By Ruma Paul

COX’S BAZAR, Bangladesh (Reuters) – It was soon after afternoon prayers at a mosque near western Myanmar’s Maungdaw town last month that 45-year-old Abdur said he looked up and spotted a drone hovering above. It was armed.

“Within seconds, there was an explosion, and I lost consciousness,” said the bearded farmer, asking only to use his first name because of security concerns. He said he was injured in the legs.

Abdur, who spoke to Reuters near a refugee camp in Cox’s Bazar in Bangladesh, provided one of the first eyewitness accounts of the ongoing fighting in Maungdaw and of Myanmar’s minority Muslim Rohingya fleeing the town.

“It is a horrible situation,” said Abdur, among the Rohingya who crossed into Bangladesh from Myanmar in the last month, referring to Maungdaw.

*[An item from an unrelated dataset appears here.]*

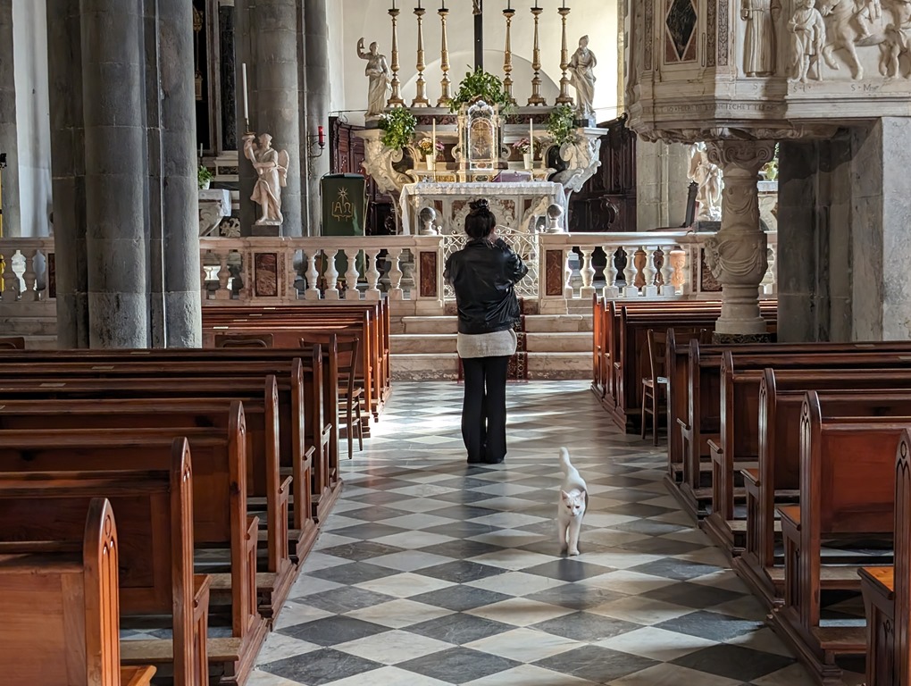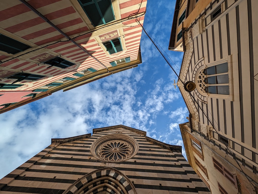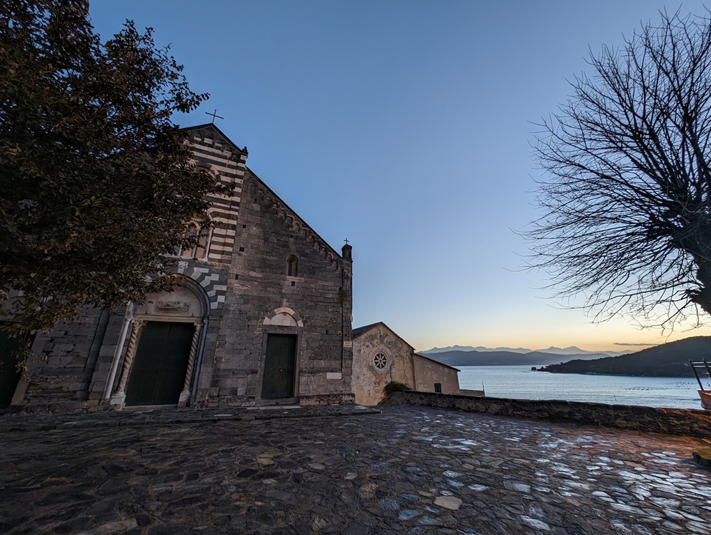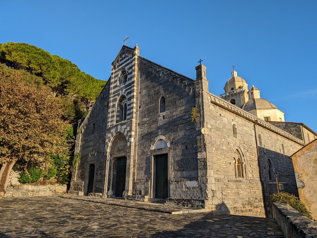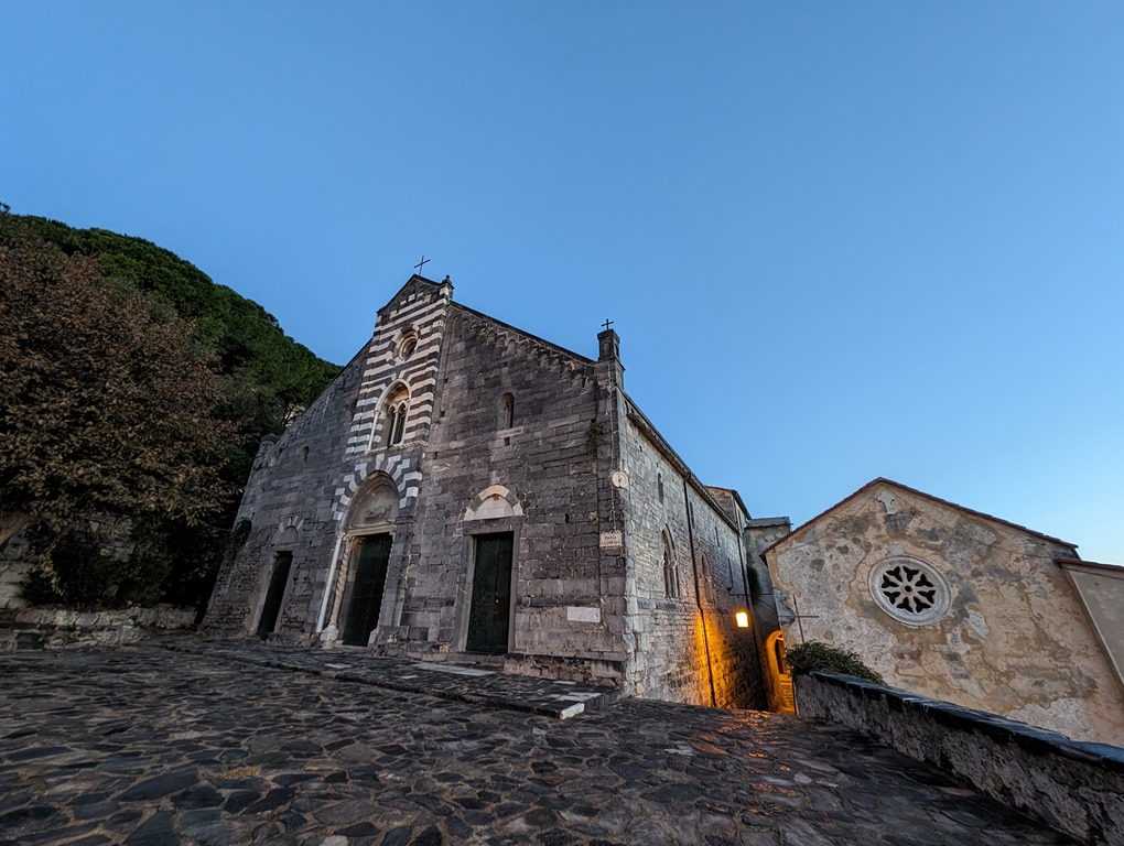 Chiesa di Santa Margherita 教堂也值得進去走走,反正都免費,不過我要說的是,教堂後面的有條小徑通往 Monterosso,從上面往下拍也非常美麗,不過這次因為封閉沒有辦法走到最好的拍攝點,天色也偏暗,所以只好使用 Google 相簿修圖大法處理一下。

The father of 12 children, some of who are still in Myanmar along with his wife, lay on a bed, with bandages on his left shin and right thigh.

Sprawling camps in Cox’s Bazar are already home to around one million displaced Rohingya, and Bangladesh authorities have repeatedly said they cannot accept any more refugees from neighbouring Myanmar.

Still, dozens of Rohingya looking to escape the clashes and worsening conditions in Rakhine state, where Maungdaw is located, have found their way into Bangladesh, according to six residents of the Cox’s Bazar camps.

Bangladesh’s foreign and interior ministries did not immediately respond to emails seeking comment.

However, Mohammed Mizanur Rahman, the Bangladesh official tasked with refugee relief and repatriation, said late last month his office had received reports of Rohingya crossing over to refugee camps in the Cox’s Bazar area.

Myanmar was plunged into chaos in 2021 after the junta deposed the elected government of Nobel laureate Aung San Suu Kyi in a coup, sparking a protest movement that has grown to become a nationwide armed rebellion.

The Arakan Army (AA), part of the armed resistance against Myanmar’s military junta, laid siege to Maungdaw last month, after warning the town’s population – comprising some 70,000 Rohingya – to leave the coastal settlement overnight.

The junta said on June 26 that its troops are continuing to battle the AA there, describing the group as “terrorists”.

Spokesmen for the AA and the junta did not respond to calls from Reuters.

Reuters could not independently verify the current state of fighting in Maungdaw.

Volker Turk, the U.N. high commissioner for human rights, said last month that tens of thousands of Rohingya are trapped in Maungdaw: “There is nowhere to flee.”

The Rohingya have been long persecuted in Buddhist-majority Myanmar, and hundreds of thousands of them fled the country in 2017 after a crackdown by the military, which was accused of having committed ethnic cleansing against the community.


Abdur and another Rohingya man still inside Maungdaw described a shifting frontline spanning the town and nearby villages in bitter fighting between the AA and junta troops. The junta has accused the AA of using armed drones in the area.

After sustaining the injuries on June 19, Abdur said he rested at a relative’s house in the town and left for Bangladesh on a boat with seven other people the next night.

“I never thought of leaving my village, not even in 2017,” he said, “I don’t see any future for us. It all looks bleak.”

Inside Maungdaw, the local population has been forced to stay indoors, according to the resident still living there, who said he recently moved from the centre of the town to an area under rebel control.

“Many Rohingya are feeling hunger because they do not have enough food,” he said, asking not to be named because of fear of reprisals. He did not provide other personal details.

“If anyone goes outside his home, his life is not guaranteed,” the man said.

The United Nations World Food Programme said last week that its warehouse in Maungdaw, holding 1,175 metric tons of food and supplies that could sustain 64,000 people for a month, had been looted and burnt down in June.

It did not blame any specific party for the incident.

Médecins Sans Frontières (MSF) has also ceased essential services in parts of Rakhine, including Maungdaw, the medical charity said in a June 27 statement.

“This indefinite suspension of our activities will leave them with zero access to healthcare in the face of huge needs,” MSF said.